Indonesia: Joko Widodo should win the elections

Indonesia - Mount Bromo
Indonesia – Mount Bromo. Photo: Thomas Hirsch

In Indonesia, one of the most populous countries in the world with nearly 270 million people, incumbent President Joko Widodo is expected to win the presidential elections on Wednesday, April 17th.

Estimates give him about 55% of the vote, compared to 45% for his opponent Prabowo Subianto, a former military man supported by Islamist conservatives and compromised in the former dictatorial regime of Suharto (which led Indonesia from 1967 to 1998), of which he had married one of the daughters. He has been accused of numerous abuses and violations of fundamental human rights, particularly in East Timor after the invasion of the territory by the Indonesian army in 1975, as well as on the island of Papua.

Prabowo Subianto is already challenging the results, as he did in 2014 in the last presidential election, against the same opponent. This challenge had been rejected by the Constitutional Court.

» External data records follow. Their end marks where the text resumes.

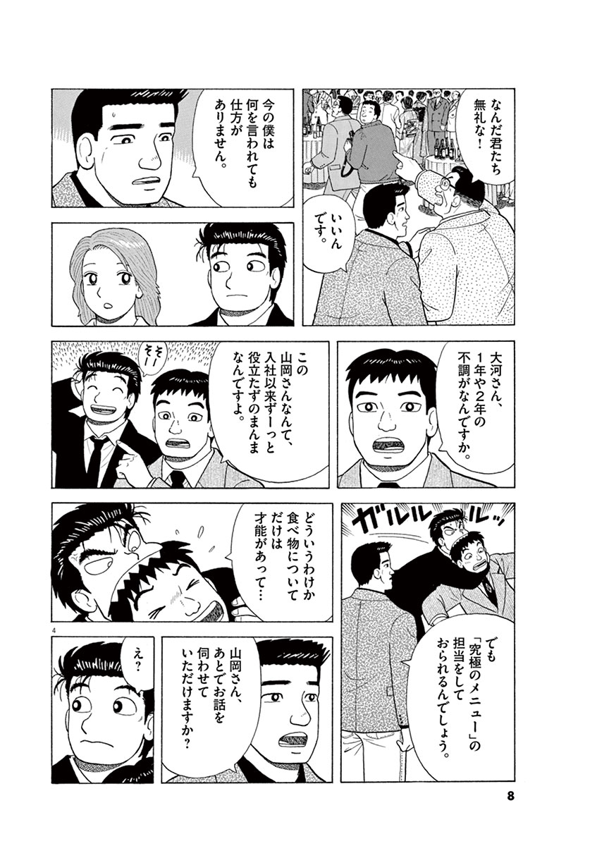 ●主な登場人物/山岡士郎(東西新聞社文化部記者。膨大な食の知識を持つ「究極のメニュー」担当。ゆう子と結婚し、双子の父に)、山岡ゆう子(旧姓・栗田。東西新聞社文化部記者。士郎とともに「究極のメニュー」を担当)、飛沢周一(東西新聞社文化部記者。取材を通して雄山に心酔し、弟子のような存在に。「究極のメニュー」の次期担当候補でもある)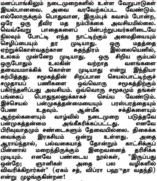 Les différences d'attitudes et de pratiques sont naturelles et doivent être accueillies favorablement ; il n'est pas nécessaire d'avoir une foi absolue, à toute épreuve, ferme. La rivalité entre ceux qui suivent des voies différentes ne peut apporter la paix et la prospérité à aucun pays. Sans la liberté d'adopter la foi, le monde ne peut pas progresser. L'Inde a enseigné qu'un petit groupe ne peut jamais commander les ressources inépuisables du monde. Pour le fonctionnement efficace de la communauté, il est nécessaire de répartir le travail de la communauté entre les différentes parties du peuple et de donner à chacun la tâche de contribuer au bien commun. Cela facilite la diversité et la mutualité. Les diversités ont été approuvées pour l'application pratique des pouvoirs et des potentialités spirituelles, il n'y a donc pas besoin de fractionnement et de luttes. Il y a un sens du mystère envoûtant qui, s'il est exploré, vous permettra de visualiser Celui qui est à la base de la multitude. C'est pourquoi les textes anciens proclament : " Un seul existe ; les sages le décrivent de multiples façons " (Ekam sat, viprah bahudha vadanti) !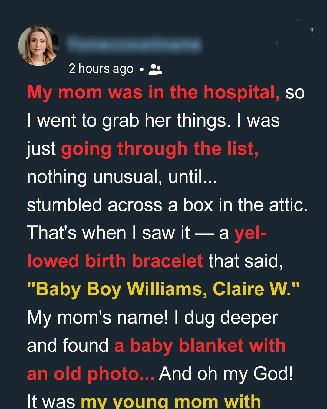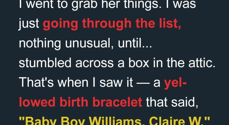 I expected the usual: old photo albums or yellowed papers she hadn’t used in years. Instead, my hand froze as I pulled out a small, yellowed hospital bracelet.The text on it blurred as I reread the name over and over:“Baby Boy Williams, 12-15-83, Claire W.”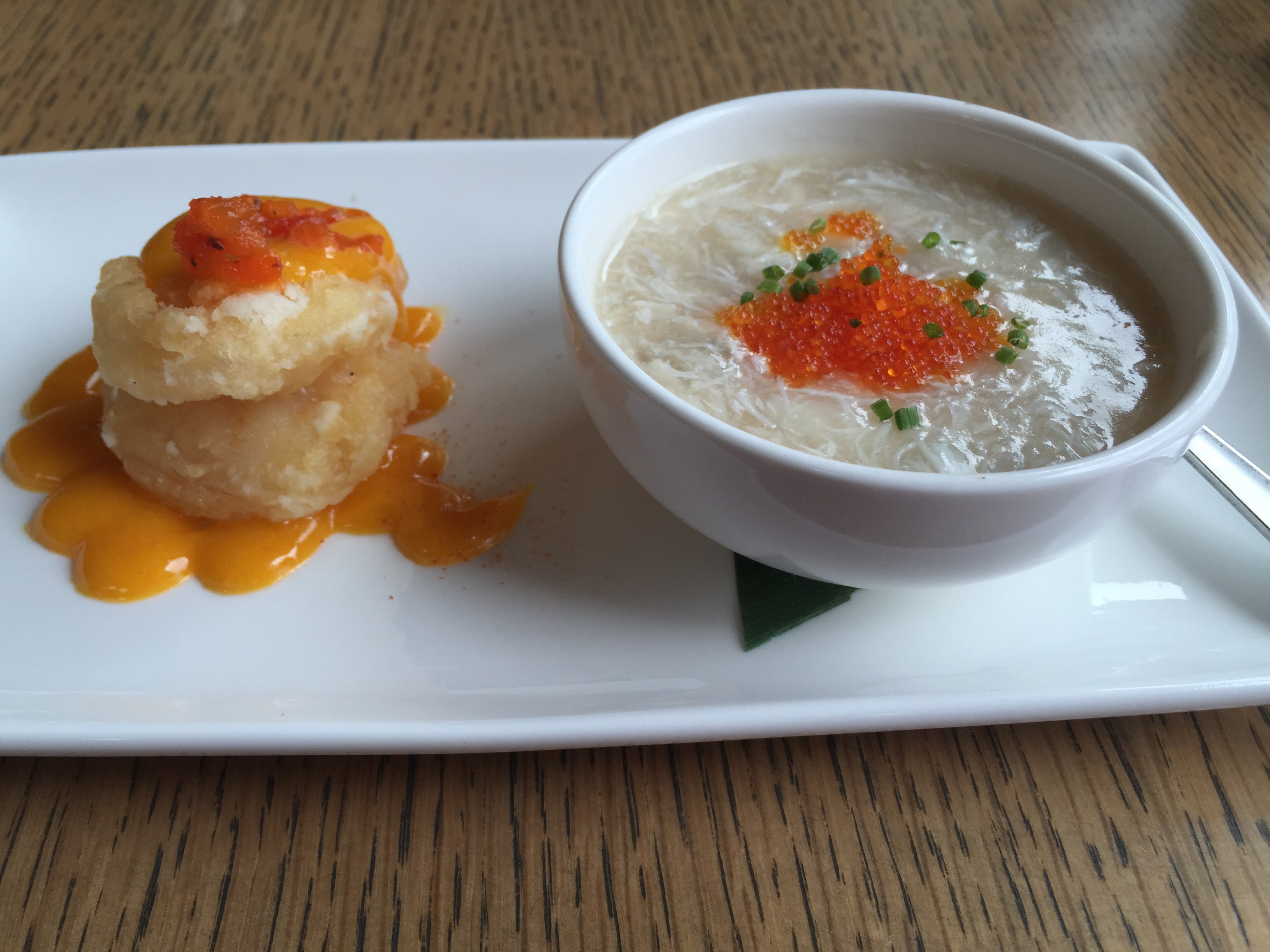 开胃菜留下深刻印象的只有这虾球和蒸蛋了虾是裹了咸蛋黄炸过的,然后涂上了蜜汁调料,感觉口味还不错,酸酸甜甜咸咸鲜鲜的感觉,虾肉也比较q弹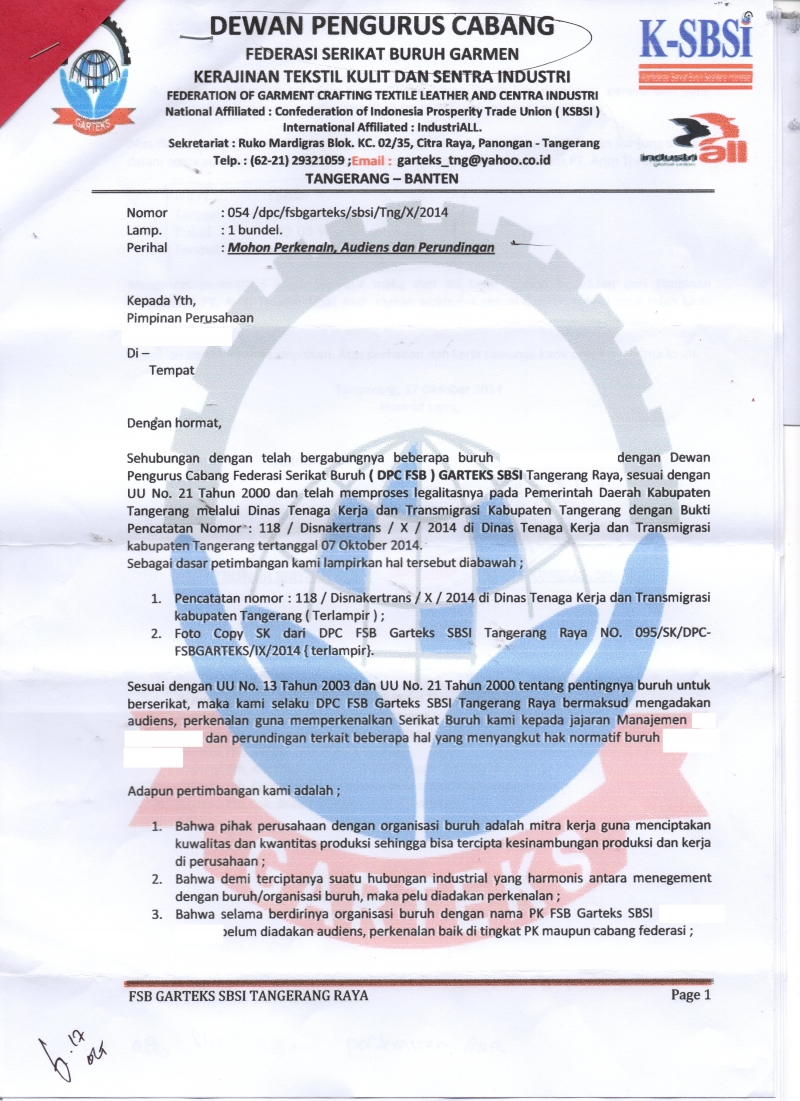 해당 서류는 귀사 사내 노조가 보낸것이 아닌 상부 노조 (DPC K-SBSI)에서 귀사에게 2014년 10월부로 노동부에 사내 노조가 등록되었으니 인사(?) 한번 합시다 하며, 이것저것 귀사의 잘못된 부분들에 대하여 확인하고 싶다는 내용입니다.

Joko Widodo, nicknamed Jokowi, is considered moderate and is at the center of the political spectrum. He was reelected thanks to a rather favorable assessment of the development of the country and the infrastructures, in spite of many compromises with the conservatives to assure the direction of the country.

Elections have been an enormous logistical challenge in this archipelago of officially 16,000 islands (but it is estimated that there would be about 18,000 in total, the census of these islands is still ongoing), the largest in the world, and which stretches for thousands of kilometers.